Con Robin Williams non si deve fare eccezione. Si potrà ricordarlo nei panni di Peter Pan, del prof. Keating, di
Mrs. Doubtfire, di Patch Adams, sempre però tenendo presente che lui, Robin, era un’altra cosa, un’altra persona.
Questo ci aiuta anche ad affrontare il contraccolpo del suo suicidio: era un uomo come tanti, non il personaggio di
una commedia costruito sulla base di una precisa sceneggiatura. Non possiamo scambiare la realtà con la
finzione.
Detto questo, va però aggiunto che nel caso specifico l’uomo e il personaggio si avvicinano molto, almeno nel
desiderio. Robin Williams viene descritto da tutti come un filantropo, un umanitario, e dobbiamo dire che molti
dei suoi personaggi dimostrano una particolare attenzione ai problemi e ai dolori degli altri. I suoi film (per la
maggior parte) toccano temi importanti e non sono mai banali. Ne L’attimo fuggente si affrontano i desideri
degli adolescenti, il loro difficile rapporto col mondo degli adulti, il bisogno di avere una guida, un maestro (come
bene rilevava Beppe Severgnini sul Corriere); Goodmorning Vietnam si cala nella tragedia della guerra; Mrs.

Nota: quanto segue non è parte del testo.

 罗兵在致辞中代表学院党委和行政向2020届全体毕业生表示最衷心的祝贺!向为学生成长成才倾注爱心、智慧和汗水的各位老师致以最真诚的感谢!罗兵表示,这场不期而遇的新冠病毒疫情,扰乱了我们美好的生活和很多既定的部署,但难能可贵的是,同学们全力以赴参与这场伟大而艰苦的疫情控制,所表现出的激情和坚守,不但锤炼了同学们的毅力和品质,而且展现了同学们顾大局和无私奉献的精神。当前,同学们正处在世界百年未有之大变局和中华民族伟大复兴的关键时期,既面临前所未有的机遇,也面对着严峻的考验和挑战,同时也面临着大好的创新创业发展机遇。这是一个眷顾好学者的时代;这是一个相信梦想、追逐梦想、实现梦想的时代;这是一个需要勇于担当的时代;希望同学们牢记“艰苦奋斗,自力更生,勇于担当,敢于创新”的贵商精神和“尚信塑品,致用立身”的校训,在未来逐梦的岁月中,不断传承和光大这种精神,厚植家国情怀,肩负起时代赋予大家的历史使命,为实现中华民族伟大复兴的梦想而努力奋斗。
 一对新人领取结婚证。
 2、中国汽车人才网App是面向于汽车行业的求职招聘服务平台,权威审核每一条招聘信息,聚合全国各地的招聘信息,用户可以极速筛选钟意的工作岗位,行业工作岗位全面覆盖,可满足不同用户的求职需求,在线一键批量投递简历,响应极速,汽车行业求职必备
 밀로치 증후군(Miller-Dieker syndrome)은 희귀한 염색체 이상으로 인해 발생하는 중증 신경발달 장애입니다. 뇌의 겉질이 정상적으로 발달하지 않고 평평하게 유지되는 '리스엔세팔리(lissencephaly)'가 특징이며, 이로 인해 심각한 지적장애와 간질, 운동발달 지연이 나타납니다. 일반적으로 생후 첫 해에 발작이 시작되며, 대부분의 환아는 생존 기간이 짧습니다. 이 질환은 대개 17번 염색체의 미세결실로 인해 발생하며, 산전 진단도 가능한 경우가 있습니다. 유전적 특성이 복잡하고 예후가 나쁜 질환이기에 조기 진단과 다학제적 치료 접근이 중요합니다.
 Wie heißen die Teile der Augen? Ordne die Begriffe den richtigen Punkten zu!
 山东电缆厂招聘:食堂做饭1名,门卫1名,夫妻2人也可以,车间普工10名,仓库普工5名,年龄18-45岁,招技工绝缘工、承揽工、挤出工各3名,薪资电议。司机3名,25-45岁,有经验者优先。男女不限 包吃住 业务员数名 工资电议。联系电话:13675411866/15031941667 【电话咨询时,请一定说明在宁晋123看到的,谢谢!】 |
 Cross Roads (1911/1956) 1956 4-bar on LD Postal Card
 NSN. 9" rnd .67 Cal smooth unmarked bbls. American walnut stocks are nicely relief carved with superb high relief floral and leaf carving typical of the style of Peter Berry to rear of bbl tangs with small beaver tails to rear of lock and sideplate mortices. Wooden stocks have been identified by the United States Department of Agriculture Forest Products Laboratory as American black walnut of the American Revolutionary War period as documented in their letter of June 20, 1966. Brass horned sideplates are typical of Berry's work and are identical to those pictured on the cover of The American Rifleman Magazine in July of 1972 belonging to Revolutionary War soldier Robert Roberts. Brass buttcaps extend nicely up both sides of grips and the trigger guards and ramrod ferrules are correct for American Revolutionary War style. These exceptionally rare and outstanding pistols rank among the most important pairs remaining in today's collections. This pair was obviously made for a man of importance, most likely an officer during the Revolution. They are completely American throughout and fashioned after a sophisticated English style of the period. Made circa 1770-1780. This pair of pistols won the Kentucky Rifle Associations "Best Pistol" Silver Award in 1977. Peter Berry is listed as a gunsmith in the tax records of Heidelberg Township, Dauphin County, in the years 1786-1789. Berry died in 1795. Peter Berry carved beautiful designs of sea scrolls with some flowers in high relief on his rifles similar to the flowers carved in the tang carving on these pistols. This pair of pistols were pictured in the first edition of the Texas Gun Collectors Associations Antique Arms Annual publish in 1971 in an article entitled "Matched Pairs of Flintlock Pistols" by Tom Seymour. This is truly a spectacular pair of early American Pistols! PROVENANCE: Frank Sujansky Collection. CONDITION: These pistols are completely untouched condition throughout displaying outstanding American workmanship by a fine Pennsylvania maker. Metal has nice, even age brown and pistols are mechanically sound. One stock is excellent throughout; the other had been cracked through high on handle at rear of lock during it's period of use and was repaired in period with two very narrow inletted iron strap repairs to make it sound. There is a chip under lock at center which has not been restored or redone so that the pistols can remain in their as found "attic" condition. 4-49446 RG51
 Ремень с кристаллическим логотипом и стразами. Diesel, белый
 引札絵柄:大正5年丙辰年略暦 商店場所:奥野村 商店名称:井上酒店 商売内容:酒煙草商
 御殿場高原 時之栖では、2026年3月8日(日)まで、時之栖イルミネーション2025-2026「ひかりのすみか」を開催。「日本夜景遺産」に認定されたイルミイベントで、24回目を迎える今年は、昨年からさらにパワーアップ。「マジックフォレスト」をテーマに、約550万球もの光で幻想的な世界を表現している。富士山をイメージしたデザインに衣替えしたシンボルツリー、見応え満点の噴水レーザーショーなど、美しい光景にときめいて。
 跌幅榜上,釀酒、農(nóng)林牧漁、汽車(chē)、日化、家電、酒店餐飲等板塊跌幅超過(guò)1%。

Doubtfire entra nel dramma delle coppie separate e dei loro figli; Patch Adams si prende carico dei dolori dei
bambini malati; lo stesso Hook è ricco di significati e di spunti che ne fanno qualcosa di più di una rivisitazione
di Peter Pan (non ultimo, ancora una volta, il rapporto genitori-figli). Un film come Al di là dei sogni si confronta
poi con le grandi domande dell’uomo di fronte al mistero della morte.
Difficile credere che l’attore si sia solo limitato a subire dei personaggi che gli venivano imposti. Leggo che
almeno in un caso (quello di Mrs. Doubtfire) si attivò per cambiare il finale del film (che i produttori avrebbero
voluto con una rassicurante restaurazione dell’unità familiare), in quanto secondo lui sarebbe stato irrealistico e
avrebbe ingenerato false speranze nei figli dei divorziati.
Insomma, Robin Williams c’entrava coi suoi personaggi, voleva dire qualcosa alla gente attraverso di essi. La sua
comicità è didattica, contiene un messaggio, una proposta. E allora vale la pena di chiedersi quale sia questa
proposta. Forse non tutti ricordano il nichilismo del prof. Keating, che ripete ai suoi ragazzi “siamo cibo per
vermi”, solo questo e nient’altro.
A partire da un tale nichilismo, la proposta è quella di spendersi per gli altri, di fare qualcosa per essi, per
alleviare la loro sofferenza e anche per cercare di dare un senso al desiderio di felicità che l’uomo si porta dentro.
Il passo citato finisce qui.